The difference in the smoothness of the ride and the stability of the handling was quite noticeable.
Following the success of the new polyurethane front spring bushes I decided to replace those on the rear springs. This was going to be a more difficult job. With the front springs I could remove the shackles without removing the springs. However, at the rear it was necessary to remove the whole spring so as to remove the rubber bushes at the rear. As you can see from this sketch ('borrowed' from the NTG catalogue), the chassis/shackle pin (item 6) cannot be withdrawn.
So it was necessary to remove the forward pin nut (18), the studs from the spring top plate (19), the four axle to damper plate bolts (24) and the chassis pin nut (10).

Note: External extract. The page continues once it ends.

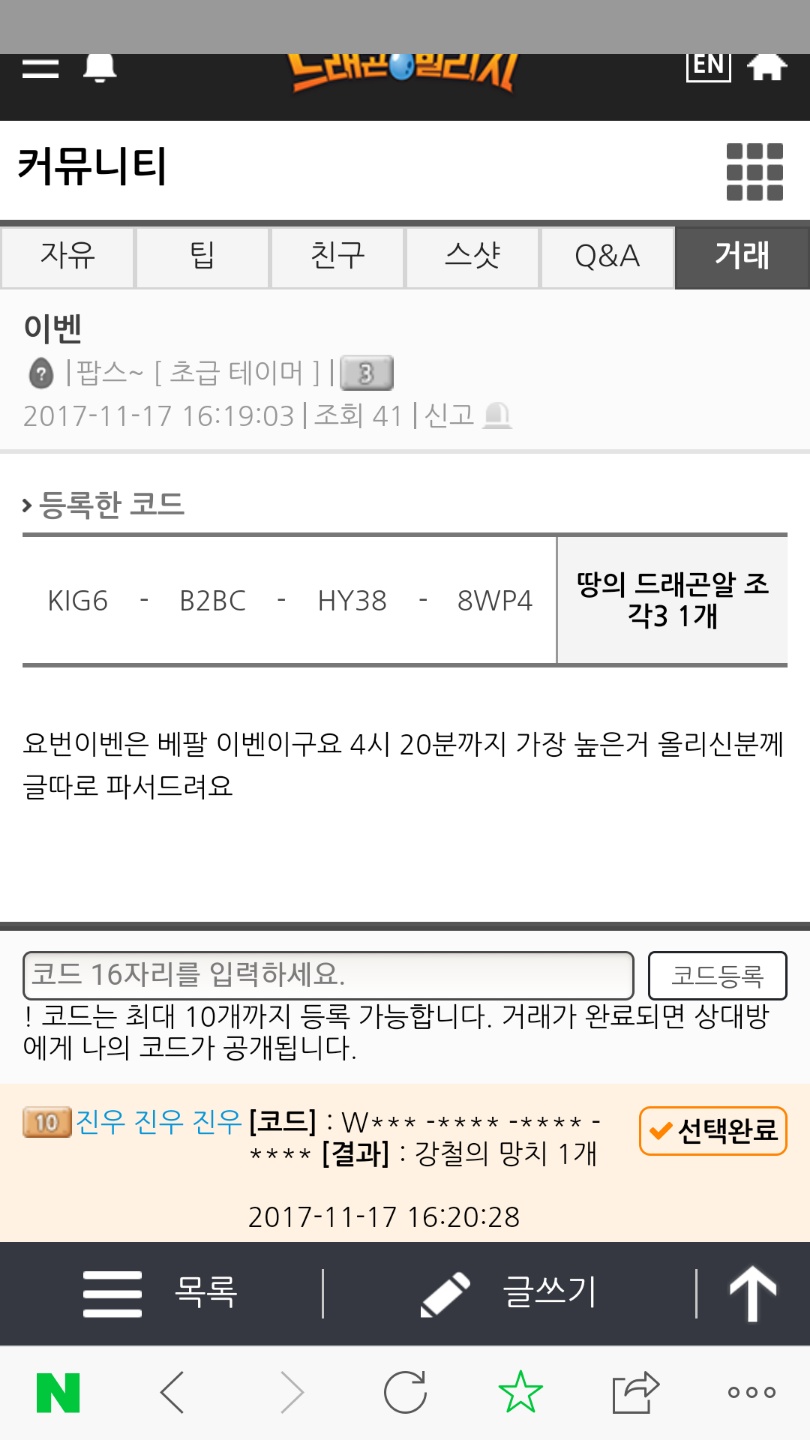 커뮤니티 > 스크린샷

Reading an undated document by Carl Fritz helped.
So on Saturday October 22nd I started trying to remove the near-side rear spring. The nuts came off reasonably easily and I discovered that the tightness of the nuts on the studs from the spring top plate caused them to unscrew from the plate. Before removing the bolts that hold the spring to the axle I supported the spring with a jack. Then, having removed the bolts, I was able to lower the jack until the spring had fully flexed.
The rear of the spring, with the rubber bushes, moved on the pin quite easily with a little leverage. However, the other end, with the 'silentblock' (2), would not budge. The silentblock is three concentric cylinders, two of steel, sandwiching one of rubber and fits in the front eye of the spring. So I sprayed on some penetrating oil and left it overnight. Then a heave with a lever (against a block of wood on the chassis) freed it.
I'd been told that the silentblock doesn't usually need replacing and it looked in good condition, so I didn't try to remove it. In fact, as you can see from the photo, the rubber bushes were not in too bad a condition. The shiny black items are the new polyurethane bushes. I put tie-wraps around the spring leafs to prevent the lower three from falling off and marked the springs with a wax crayon line, as Carl had suggested, in case I needed to reassemble them. Actually the tie-wraps were too thin and broke as I was trying to refit the near-side spring. So I used two G-cramps to hold the lower leafs in place.
Having removed the bolts that hold the spring to the axle I was able to push the lower plate (22) out of the way, against the resistance of the damper. In this photo you can see the lower plate, still attached to the damper.
I touched up some of the paint on the shackle and inserted the new bushes, using a little of the supplied grease. The diagram shows a fibre washer (8) between the two halves of the shackle. However, there was no sign of a washer and so, as suggested by John James, I put a little translucent silicone sealant between the two metal faces so as to form a seal. Then it was just a case of pushing the spring back on to the fore and aft pins, jacking up the spring and refitting the bolts, which I had cleaned with a wire brush.
These final two images show the spring in place, with the new bushes, but before I had touched up the paint.
Replacing the bushes on the off-side spring was a repeat procedure, except that every nut was more difficult to undo! Also, leverage failed to shift the front end of the spring from its pin. I had to resort to tapping the back of the spring with a hammer so as to gradually slide the spring off the pin.
However, by October 27th I had refitted both springs, but with the nuts on the two pins not completely tightened. I then lowered the car to the ground so as to put the shackles in their normal position before tightening the nuts. Then I touched up the paint on the shackle nuts and, the next day, inserted split pins through the lower, castellated nuts.
A short test drive showed quite a stable ride. Even at 50mph the car was still stable.